Hyperthermophile bioelectrochemical systems are seldom investigated although their superior control of microbial consortium and thermodynamic advantages. Hyperthermophilic Thermotogales, for instance, are able to produce hydrogen and lactic acid from wastes better than mesophilic bacteria. Here, the electrostimulation of Thermotoga neapolitana in single-chamber electrochemical bioreactors is studied.

The glucose fermentation under CO₂ pressure, as model metabolism, was tested at 80 °C.

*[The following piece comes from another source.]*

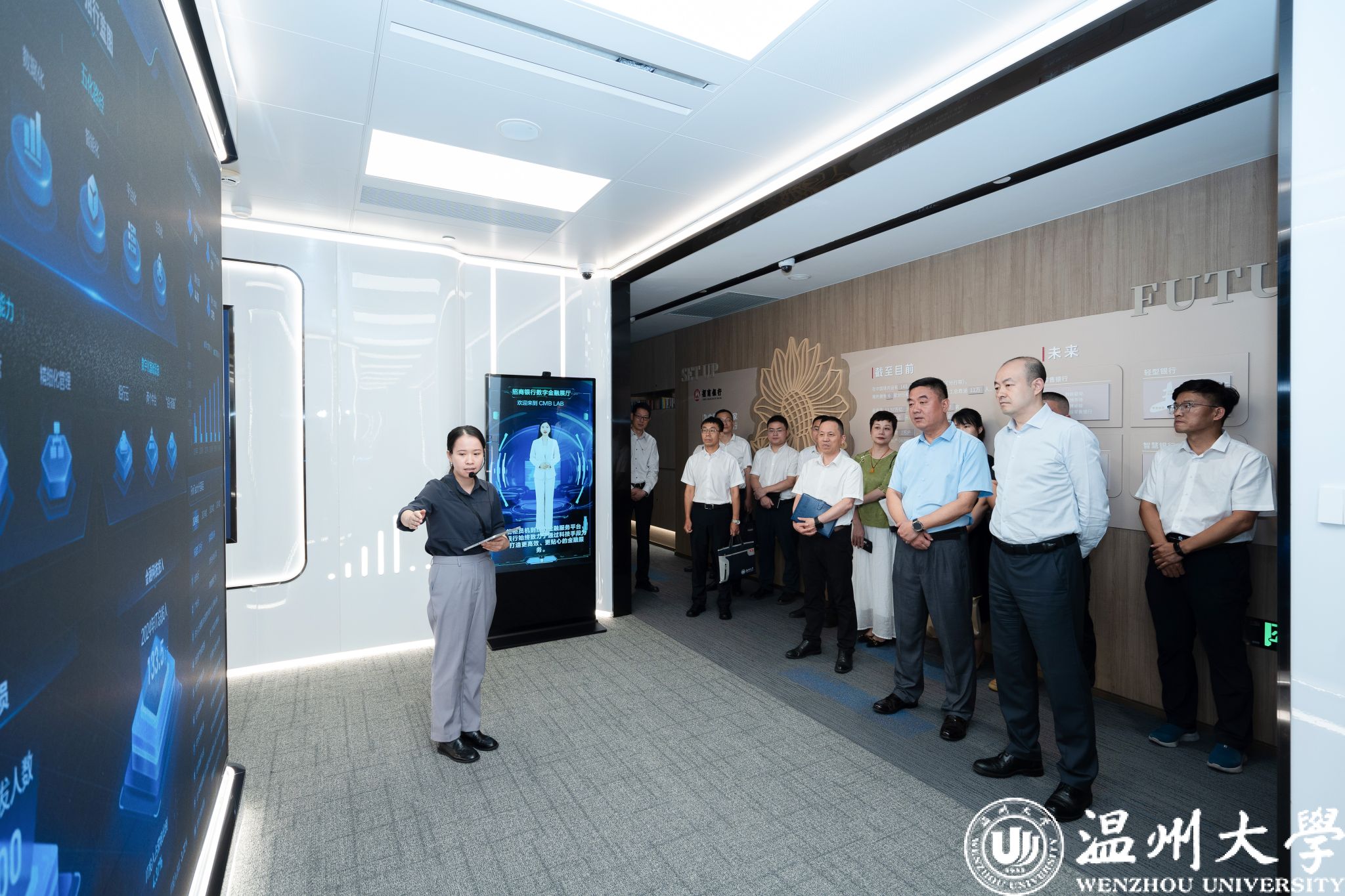 钱强一行在招商银行温州分行党委书记、行长张华陪同下参观了数字金融展示厅,深入了解招商银行在科技成果转化、数字化产品、零售金融、专业服务优势等综合金融服务方面的发展成果。

Results show that a dynamic polarization (±0.8 to ±1.2 V) drives glucose fermentation and biofilm stasis on electrodes. Under this condition, production of lactic acid (33 vs 12 mM) and yields of acetate and hydrogen (with lactic/acetic acid ratio of 1.18) were higher than those achieved with static polarization or open-circuit.

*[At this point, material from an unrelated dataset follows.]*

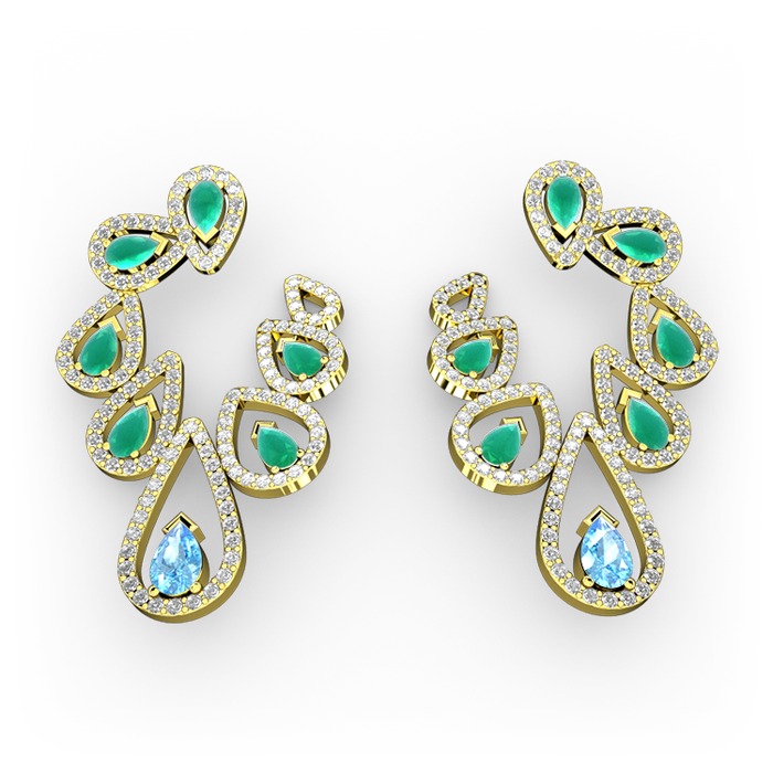 Akuamarin, kök zümrüt ve pırlanta 8 ayar altın küpe (2.882 karat)

Dynamic polarization is possibly exploitable to stimulate T. neapolitana in a hyperthermophile electrochemical system for various applications including control of power-to-gas processes or production of value-added products (hydrogen and lactic acid) from sugary wastes.

尽管超嗜热菌的生物电化学系统具有出色的微生物联盟控制和热力学优势，但很少进行研究。例如，嗜热嗜热菌比嗜温细菌能更好地从废物中产生氢和乳酸。在这里，研究了单腔电化学生物反应器中Thermotoga neapolitana的电刺激。

在80°C下测试了作为模型代谢的CO ₂压力下的葡萄糖发酵。

结果表明，动态极化（±0.8至±1.2 V）驱动葡萄糖发酵和电极上的生物膜滞留。在这种条件下，乳酸的产生（33 vs 12 mM）以及乙酸和氢的收率（乳酸/乙酸比为1.18）要比静态极化或开路时要高。

动态极化有可能被利用来在嗜热嗜热菌电化学系统中刺激T. neapolitana，用于各种应用，包括控制气制过程或由含糖废物生产增值产品（氢和乳酸）。